Step 4: Generate the features

Currently, an example of how we generate the LIWC features is as follows (https://github.com/Watts-Lab/team_comm_tools/blob/main/src/team_comm_tools/features/lexical_features_v2.py):

def liwc_features(chat_df: pd.DataFrame, message_col) -> pd.DataFrame:
    """
        This function takes in the chat level input dataframe and computes lexical features 
        (rates at which the message contains contains words from a given lexicon, such as LIWC).

    Args:
        chat_df (pd.DataFrame): This is a pandas dataframe of the chat level features. Should contain 'message' column.
        message_col (str): This is a string with the name of the column containing the message / text.

    Returns:
        pd.DataFrame: Dataframe of the lexical features stacked as columns.
    """
    # Load the preprocessed lexical regular expressions
    try:
        current_dir = os.path.dirname(__file__)
        lexicon_pkl_file_path = os.path.join(current_dir, './assets/lexicons_dict.pkl')
        lexicon_pkl_file_path = os.path.abspath(lexicon_pkl_file_path)
        with open(lexicon_pkl_file_path, "rb") as lexicons_pickle_file:
            lexicons_dict = pickle.load(lexicons_pickle_file)

        # Return the lexical features stacked as columns
        return pd.concat(
            # Finding the # of occurrences of lexicons of each type for all the messages.
            [pd.DataFrame(chat_df[message_col + "_original"].apply(lambda chat: get_liwc_rate(regex, chat)))\
                                            .rename({message_col + "_original": lexicon_type + "_lexical_per_100"}, axis=1)\
                for lexicon_type, regex in lexicons_dict.items()], 
            axis=1
        )
    except:
        print("WARNING: Lexicons not found. Skipping feature..."

The lexicons_dict.pkl file contains lexicons other than just LIWC, and my thought is that comparing the 2007 version to the 2015 version might actually be valuable. So, rather than simply replacing the 2007 version, those who pass in a valid dictionary file would just get a new set of additional features generated.

What this could look like is a modification to liwc_features above, so that it takes the dictionary as an argument; then, we could call it once on the "regular" (2007) dictionary, and once on the "new" (user-provided) dictionary. We could then calculate_chat_level_features so that the function will make the second call only if the user provided a valid dictionary; otherwise, we maintain status quo.

Step 5: Clean up, Test, and Document

When developing this feature, we should try it with the 2015 version of the dictionary that Ryan provided, as well as invalid versions (to check that error checking functions as expected).

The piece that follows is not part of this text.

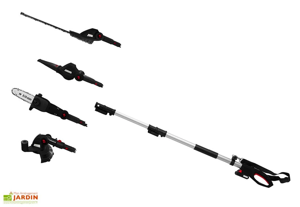 Le taille-haies sur batterie de chez Elem Garden est un outil de jardin multifonctions puisqu’il sert Ă©galement de coupe-bordures, de souffleur et d’Ă©lagueuse grâce Ă tous les Ă©lĂ©ments fournis. Cet outil de jardinage Ă©lectrique fonctionne sans fil pour vous permettre de l’utiliser en toute autonomie. Il est Ă©quipĂ© d’une batterie au Lithium 1500 mAh de 20 V qui se recharge en 4 heures. Son manche tĂ©lescopique mesure jusqu’Ă 1,60 m.Â

We'll also want to update the documentation to explain how users should expect to use this feature, e.g., here: https://conversational-featurizer.readthedocs.io/en/latest/basics.html

sundy1994 commented 1 month ago

Read in .dic File

I borrowed Ryan's code for loading .dic files: https://github.com/Watts-Lab/team_comm_tools/blob/yuxuan/bring_your_own_liwc/src/team_comm_tools/utils/check_embeddings.py#L179

In feature builder, if the user provides a valid path that ends in .dic, we'll try to load the dictionary. We can add more error checking in the future. https://github.com/Watts-Lab/team_comm_tools/blob/yuxuan/bring_your_own_liwc/src/team_comm_tools/feature_builder.py#L132

Convert to RegEx

I followed the same method in read_in_lexicons(). I updated it a bit cause lexicon = lexicon.replace('\**', '\*') will throw an invalid syntax error.

Generate the features

Per the instruction above, if the custom LIWC dict is provided, we'll generate a second set of lexicon features. I can further update this after #306 is solved.